The Congress has declared the position which the Government must take with respect to the League of Nations in the statute authorizing the United States to accept membership for the Government of the United States in the International Labor Organization, an international organization which was under the League. The statute, enacted June 19,1934, provides: “But in accepting such membership the President shall assume on behalf of the United States, no obligation under the Covenant of the League.” 48 Stat. 1183; U. S. C. A., Title 22, pars. 271, 272.

Petitioner’s second approach is under subsection (h) of section 116, enacted as an amendment to the 1934 Revenue Act under a special bill, H. R. 7998, passed on August 27, 1935; 49 U. S. Stat. at Large, 908 (ch. 767). Senate Report No. 632 (Committee on Foreign Relations) ; and House Report No. 1759 (Ways and Means Committee), 74th Cong., 1st sess., give full report of the reasons for amending section 116. The answer to petitioner’s argument about the intent of Congress with respect to subsection (h) is that the Congress did not give any “blanket” authorization to the Treasury Department to continue all of its prior practices under a broad policy, but gave authority to exclude from taxation only specified income to the extent specifically stated in the statute.
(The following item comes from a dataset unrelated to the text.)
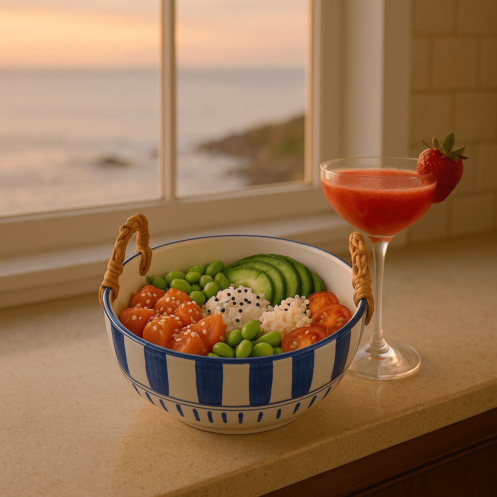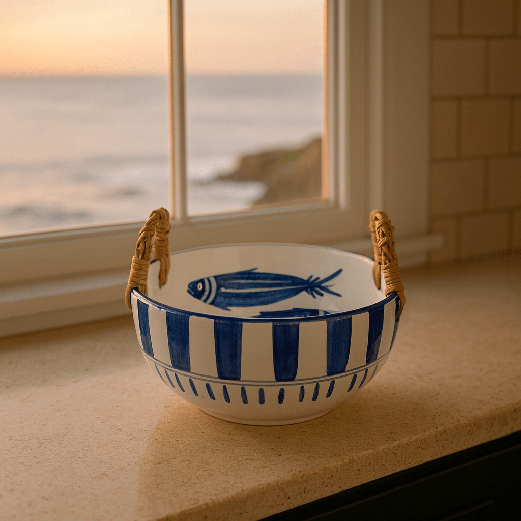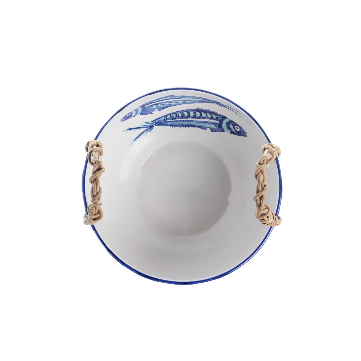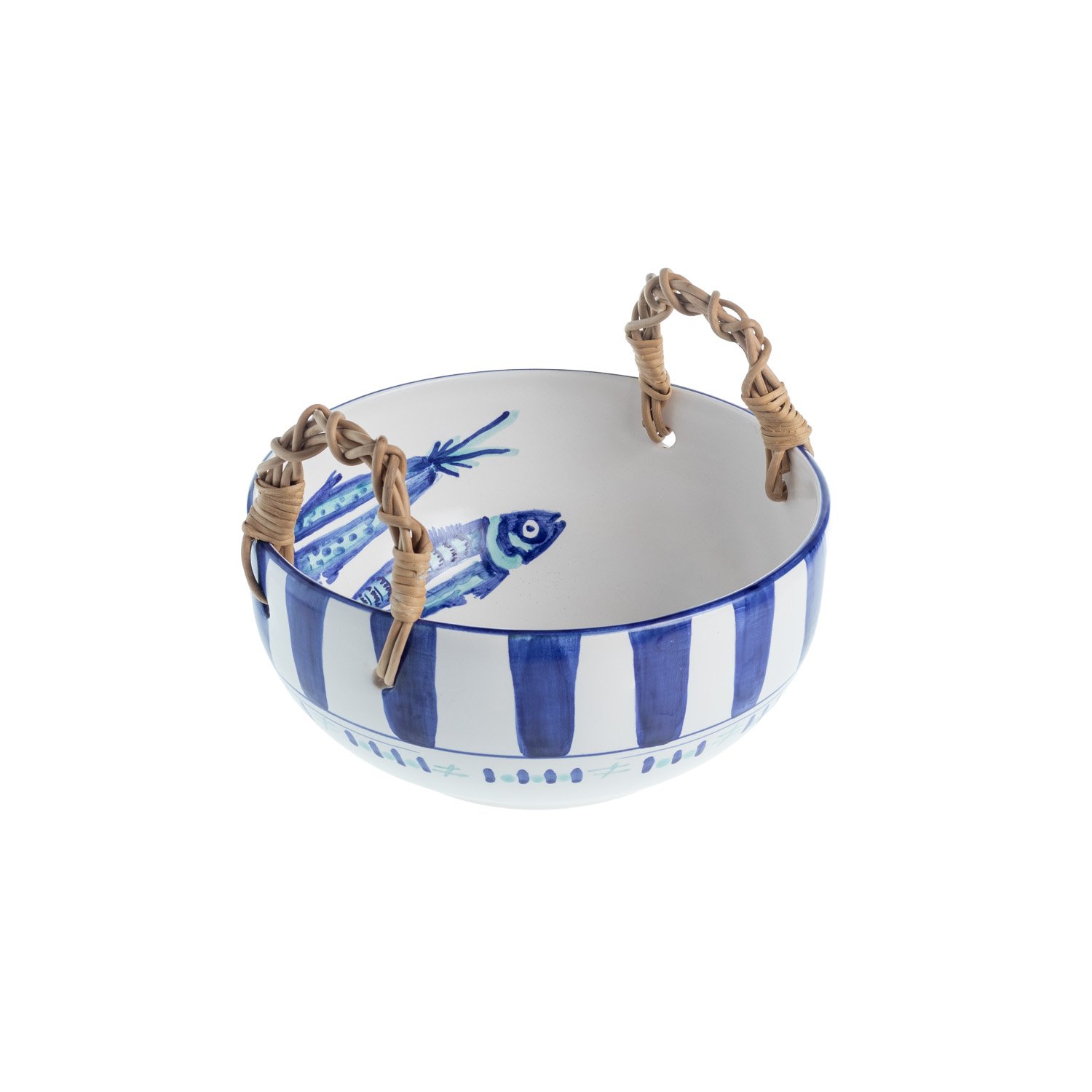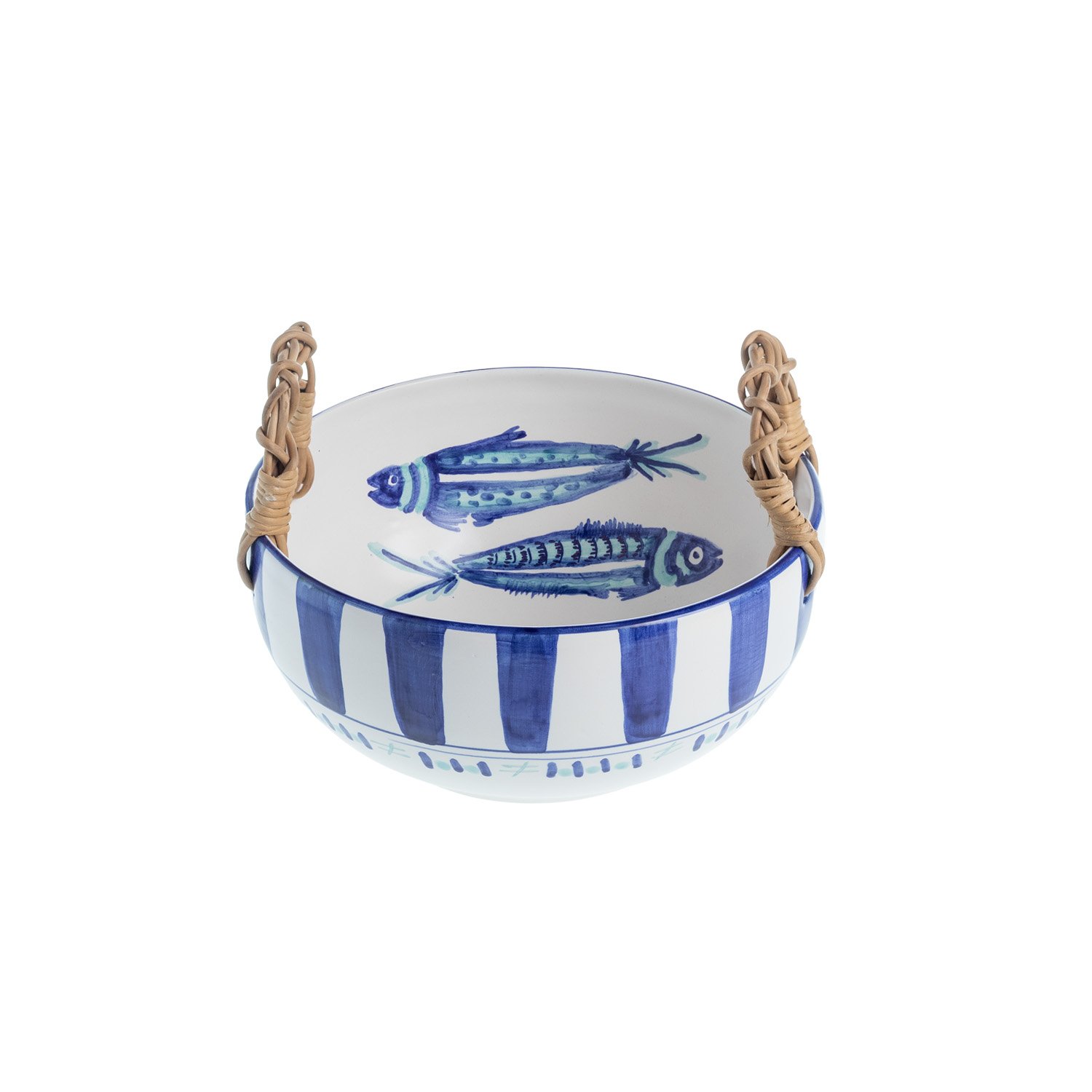 Bowl redondo de tamanho médio com alças em junco, ideal para servir e decorar. Produzido em cerâmica artesanal com pintura manual listrada na cor azul e desenho de peixes.

Petitioner cites Estate of Alexander J. Shamberg, 3 T. C. 131; affd., 144 Fed. (2d) 998, for purposes of considering construction of section 116 (h). I think that the rationale of the Shamberg case can not be employed in construing section 116 (h), because the customs under international law are exacting and precise in matters of defining “state,” “foreign government,” “international organization,” “instrumentality of a state,” and officials, employees, and the rank and status thereof; because the United States was not a member of the League of Nations; and for constitutional reasons.

Upon consideration of tlie elaborate arguments of petitioner, I believe all of them must be considered to be ineffective, and that his only recourse is to appeal to the Congress for a special, private act of Congress.

Johnson, /., agrees with the above.

See Wheaton’s International Law, 6th English ed. (1929), by A. B. Keith, vol. 1, p. 468 :

“Bynkershock maintains that ambassadors, passing through the territories of another state than that to which they are accredited, are amenable to the local jurisdiction: both civil and criminal, in the same manner with other aliens, who owe a temporary allegiance to a state.”